Lol awesome ^ metal head for ever 
Never received anything like that .. 
could it have been spam or was it personal?


----------



## BlackendMetalDeathHead666 (Jun 21, 2011)

jmulley6 said:


> Lol awesome ^ metal head for ever
> Never received anything like that ..
> could it have been spam or was it personal?



well who ever they were said they were quote A MINISTER and thank you very much i am a true metal head and artist song writer singer ect XD but i loves reptiles too one of my metal bands i made is a animal conservation effort thrash/melodic/symphonic/deathmetal type band  and a bit of industrial in it too XD im in 3 all still working hard on. buddy me if wants : 3 but he came off personal - _ - they chatted with me and finally stoped. he said it was do to my name.


----------



## turtlepunk (Jun 21, 2011)

ew how annoying! I bet its because a lot of those super religious people are deathly afraid of the number 666.


----------



## reptastic (Jun 22, 2011)

That behaviour is unexceptable, we all have our own preferences and should not pose our viewa on others, you can pm me or the other moderators if thisshould happen again


----------



## BlackendMetalDeathHead666 (Jun 22, 2011)

turtlepunk said:


> ew how annoying! I bet its because a lot of those super religious people are deathly afraid of the number 666.



most likely. D:


reptastic said:


> That behaviour is unexceptable, we all have our own preferences and should not pose our viewa on others, you can pm me or the other moderators if thisshould happen again



Yes I will thank you.


----------



## herpgirl2510 (Jun 22, 2011)

Funny usually those people won't aproach me for some reason because I am covered with tattoos I make some people uncomfortable.

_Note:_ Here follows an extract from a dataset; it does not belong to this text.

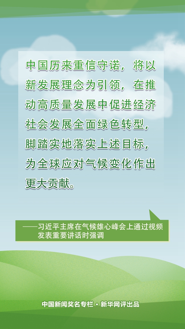 12月12日,國(guó)家主席習(xí)近平在氣候雄心峰會(huì)上通過(guò)視頻發(fā)表重要講話,闡釋?xiě)?yīng)對(duì)氣候變化的中國(guó)主張,宣布中國(guó)國(guó)家自主貢獻(xiàn)最新舉措,為全球氣候治理提振雄心并提供新思路,彰顯中國(guó)與世界各國(guó)攜手助力《巴黎協(xié)定》行穩(wěn)致遠(yuǎn)的決心,展現(xiàn)了中國(guó)重信守諾、為全球應(yīng)對(duì)氣候變化作出更大貢獻(xiàn)的大國(guó)擔(dān)當(dāng)。

Maybe they took your sig about saving your soul as a challenge


----------



## Little Wise Owl (Jun 22, 2011)

I imagine it was just a random spammer. Like sometimes how we get someone on here trying to sell shoes or Viagra. lol

I would ignore it UNLESS it was a member of the forum who posts frequently. Then that person should be reported.


----------



## frost (Jun 22, 2011)

i agree with them,nothing to worry about prolly. i dont think anyone on here is going to judge you like that.i mean i got a mouth on me and none has really gave much of a fus about me lol.


----------



## roastedspleen (Jun 22, 2011)

im a christian and hang out with a lot of thrashers and most of them say their satanic or say stuff like 666 or their nazis but regardless their still my friends and 666 is just a number christians aren't scared of it ( at least the christians in my church aren't ) and tattoos don't scare me my dad has a tattoo and a lot of his friends and i know others and im not scared of them so don't be stereotypical because thats discrimination.


----------



## jmulley6 (Jun 22, 2011)

yea my parents are those kind of people, they let there opinions of whats wrong and right stop them from opening their mind. they would rather shun me and call me a godless heathen for having piercing, tattoos and listening to metal then accept me for who I am. 
there are too many people that do that and fine if they want to think those things then fine, but dont preach to me and try to get me to change to what they think is right.


----------



## montana (Jun 22, 2011)

I like Godless heathens !!

Some of the best times I`ve ever had were with Godless heathens ...


----------



## Josh (Jun 22, 2011)

Please let me know the details behind the message you received.


----------



## BlackendMetalDeathHead666 (Jun 22, 2011)

Josh said:


> Please let me know the details behind the message you received.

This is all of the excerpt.